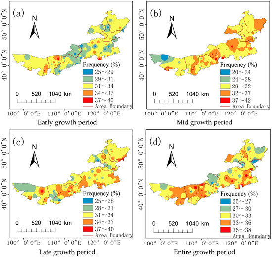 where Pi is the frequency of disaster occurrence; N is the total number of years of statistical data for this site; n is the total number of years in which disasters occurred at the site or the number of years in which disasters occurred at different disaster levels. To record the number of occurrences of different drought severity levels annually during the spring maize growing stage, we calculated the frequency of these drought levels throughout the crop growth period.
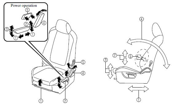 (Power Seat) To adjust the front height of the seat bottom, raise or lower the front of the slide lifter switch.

* * *

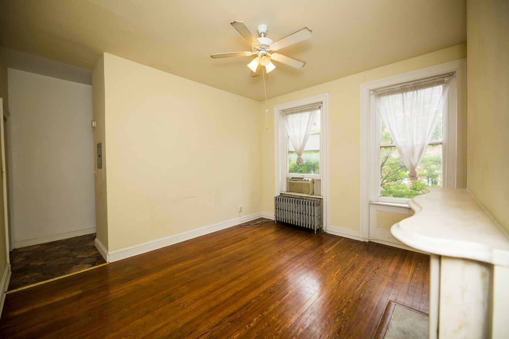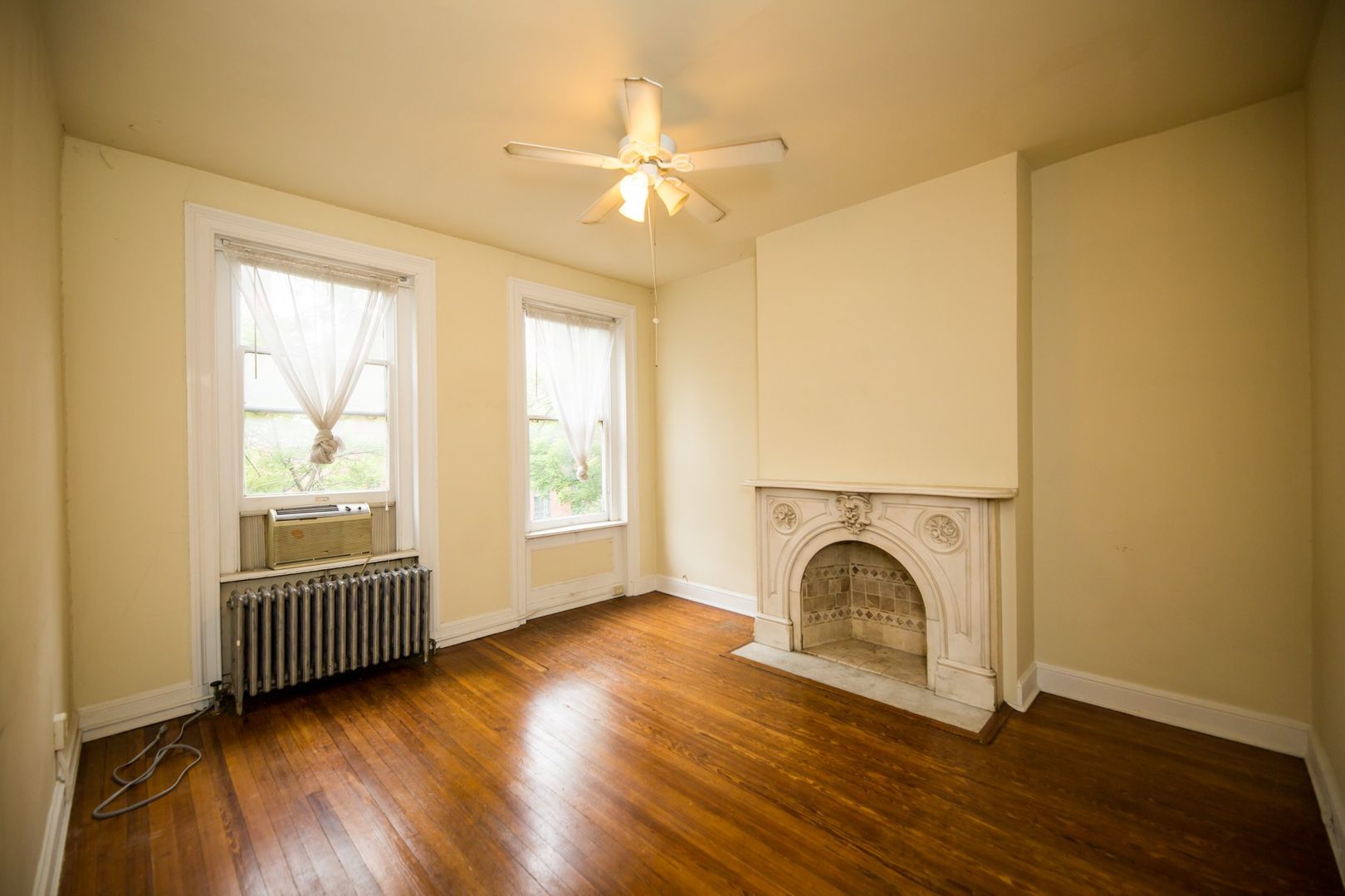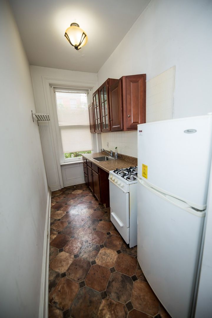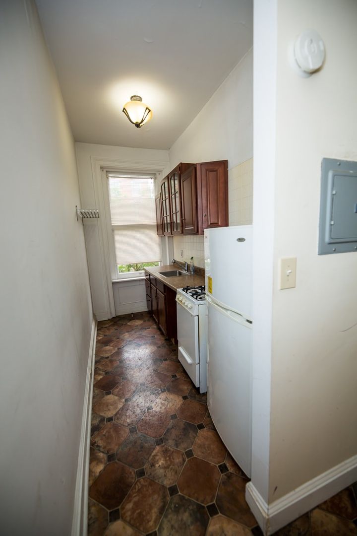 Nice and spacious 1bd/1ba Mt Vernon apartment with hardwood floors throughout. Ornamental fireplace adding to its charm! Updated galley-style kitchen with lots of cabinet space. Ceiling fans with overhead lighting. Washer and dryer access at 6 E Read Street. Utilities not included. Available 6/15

■ **Task directions**:
With the pictures omitted, copy the entries above exactly from the line containing "where Pi is" through the line containing "(Power Seat) To", both lines included.

■ **Your solution**:
 where Pi is the frequency of disaster occurrence; N is the total number of years of statistical data for this site; n is the total number of years in which disasters occurred at the site or the number of years in which disasters occurred at different disaster levels. To record the number of occurrences of different drought severity levels annually during the spring maize growing stage, we calculated the frequency of these drought levels throughout the crop growth period.
 (Power Seat) To adjust the front height of the seat bottom, raise or lower the front of the slide lifter switch.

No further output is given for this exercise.